7. Income Earned Outside India

Any income received from foreign sources makes a taxpayer ineligible for ITR-1.
Example: Mr. G received consulting fees from a client in the United States. Since he has foreign-source income, ITR-1 cannot be filed.

8. Cases Covered Under Section 393(3) [ Table Sl No. 5] / Section 194N

Taxpayers from whose cash withdrawals TDS has been deducted under this provision cannot use ITR-1.
Example: Mr. H withdrew ₹1.5 crore in cash from his bank account during the year, and the bank deducted TDS. Therefore, he is not eligible for ITR-1.

9. Deferred Tax on ESOPs

Employees who opted for deferred tax payment on eligible startup ESOPs cannot file ITR-1.
Example: Ms. I exercised ESOPs provided by an eligible startup and deferred the tax liability. Hence, she must choose another ITR form.

10. Brought Forward or Carry Forward Losses

Taxpayers who want to carry forward losses from previous years cannot use ITR-1.
Example: Mr. J incurred a capital loss of ₹50,000 from shares last year and wants to carry it forward for future tax adjustment. Therefore, ITR-1 is not applicable.

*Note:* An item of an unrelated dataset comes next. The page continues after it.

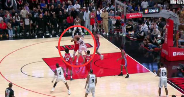 在离加时赛结束时,第二次错判发生了。 1 分 51 几秒钟后,申京被裁判吹走了。裁判们指出,当时贾里德 - 巴特勒打了申京的球,导致球脱落。申京再次控制球后的得分。这个球不构成非法行走。这个错误的判断也是火箭的损失,76 人盈利。

11. Total Income Exceeding ₹50 Lakh

Individuals whose total income exceeds ₹50 lakh during the financial year cannot file ITR-1.
Example: Ms. K earned a salary of ₹55 lakh during FY 2025-26. Since her income exceeds ₹50 lakh, she must file ITR-2 or another applicable form.

Why Selecting the Correct ITR Form is Important

Filing your return using the correct form is essential. Using an incorrect ITR form can result in:

  • Defective return notices from the Income Tax Department
  • Delays in processing returns
  • Delays in receiving refunds
  • Additional compliance requirements

Therefore, taxpayers should carefully review their income sources and financial transactions before selecting an ITR form.

Final Words

ITR-1 (Sahaj) remains the most convenient return filing option for salaried individuals, pensioners, and taxpayers with simple income structures. If your income comes from salary, two house properties, interest income, and limited agricultural or limited long-term capital gain income under section 112A, you may be eligible to use this simplified form.

However, taxpayers with foreign assets, Long term capital gains under section 112A beyond the prescribed limits, more than two house properties, business income, or carried-forward losses should carefully evaluate the applicable ITR form before filing their return.

Choosing the right ITR form is the first step toward hassle-free tax compliance and timely processing of your income tax return.